Inspector Harry Callahan (Clint Eastwood) is mean, focused, silent, brooding and a defender of victim’s rights, particularly when the law isn’t enough.  He’s also very bold, willing to pull out his gun in the middle of a crowded intersection in broad daylight even before it’s clear that what he’s about to do requires a firearm.

Structurally, this film is a bit odd but it still follows a basic three act structure.  The very first thing we are introduced to is not our protagonist, but the antagonist, a gunman who has an affinity for sniping his victims.  Once he kills his first victim, he leaves behind a note declaring that he will kill one person a day until he’s given $100,000.

The first reaction by the police is to find him rather than to negotiate with him, though some higher ups show an inclination towards the possibility of negotiating.  Dirty Harry, however, would never indulge such a mad man’s demands.

The gunman is identified on a rooftop by a chopper, but he somehow escapes.  That night, Harry and his new partner, Chico (Reni Santoni), find the gunman hurrying through a street.  They quickly lose him, and Harry is beaten up by a few guys who see him peeking into a woman’s house.  Harry does some weird stuff like this.  He doesn’t seem to spy on this woman because it has anything to do with the case.  He’s just… interested.  It’s not even sexual.

Later he will notice a naked woman (through his binoculars), and he spends time staring at her before the plot pulls him away.  He’s not apologetic in any way, whether for his casual racism, his frustrations towards the law which he’s sworn to defend or for his male gaze.

These moments don’t seem to contribute to the plot in any way, just like another set of scenes that demonstrate Harry’s character and skill but don’t move the story forward.  You have, first, the famous “You gotta ask yourself, ‘do I feel lucky?'” scene in which Harry stops a robbery, and then you have another scene in which he prevents a man from jumping to his death off the ledge of a building.  These are just instances of Harry doing his job, though in his own way.  He tells his new partner that he got his nickname because he has to do all the dirty work of the police.

Well, act 1 ends when Harry and Chico spot the gunman on a neighboring roof and exchange gun fire with him.  The gunman gets away.  He is pissed, first that the police lied to him about getting him the money (though he seemed to know that was a lie from the beginning) and second, that the police fought back.

The gunman ups the stakes by now demanding $200,000 and giving the police clues that he kidnapped a young girl and has her buried somewhere with enough oxygen to last a certain number of hours.  The police give Harry the money and send him out to give it to the gunman who then send Harry on a wild goose chase, ending at a giant cross in San Francisco’s under-appreciated Mt.

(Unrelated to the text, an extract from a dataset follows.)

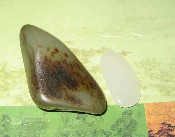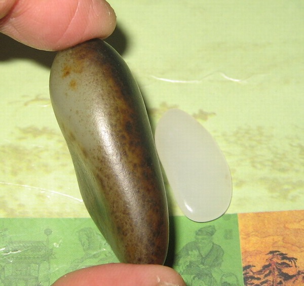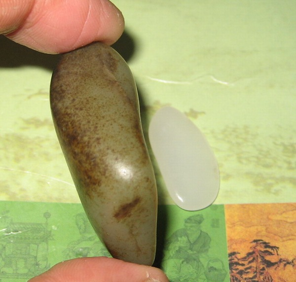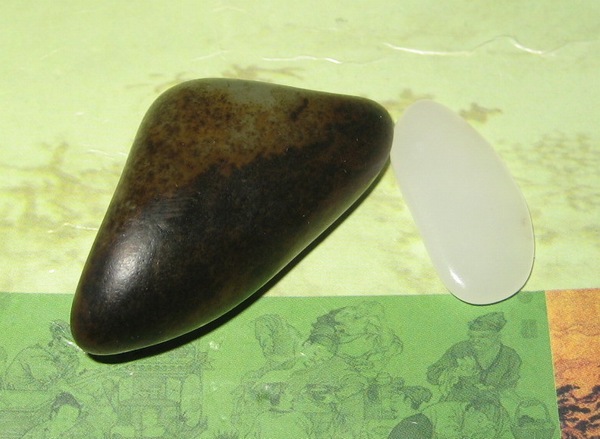很有特点的料子,籽身大部被皮色覆盖,正面皮色较深为褐黑色,背部为褐黄色,很是漂亮,以上皮色均为真皮,无二上,稍微盘玩即很油润,典型的油皮料子,底质为肉质颜色为青白,肉细,密度好,无结构,整体基本无大的裂伤,就肉质和皮色来说可直接把玩亦可利用皮色巧雕做活。
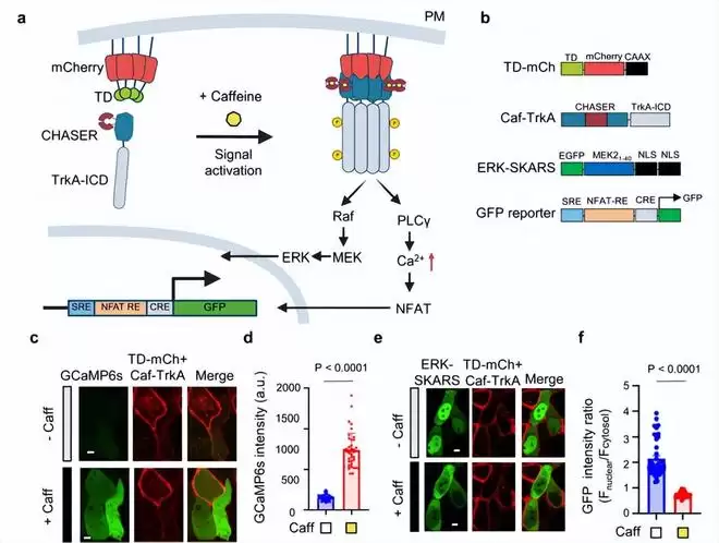 该团队在细胞膜上挂了那个荧光蛋白,咖啡体带着激酶在细胞质里转悠。咖啡因一来,咖啡体就会带着激酶跑到膜上,激酶聚集激活之后,下游的钙离子信号和 ERK 信号通路都亮了。

Davidson park (seriously, it’s beautiful there).

Harry is nearly killed, but Chico intervenes.  After the scuffle, Chico is shot and the gunman is shot and stabbed, but he gets away.

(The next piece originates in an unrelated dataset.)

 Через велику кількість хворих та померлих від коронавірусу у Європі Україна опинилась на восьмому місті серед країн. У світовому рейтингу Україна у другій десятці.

Harry later tracks down the gunman to where he lives in a sort of utility closet at Kezar Stadium.  He again shoots the gunman and arrests him.  Act 3 begins when Harry learns that the gunman will walk away with no charges against him because Harry went outside the law to catch him (unlawfully breaking into the man’s home).

Pissed, Harry spends his time off work following the injured gunman as he hobbles around the city.  To get Harry off his back, the gunman pays a man to beat him up so he can claim it was Harry and the police who did it.  Later, the gunman hijacks a school bus and makes more demands.  He drives north over the Golden Gate Bridge and into Sausalito.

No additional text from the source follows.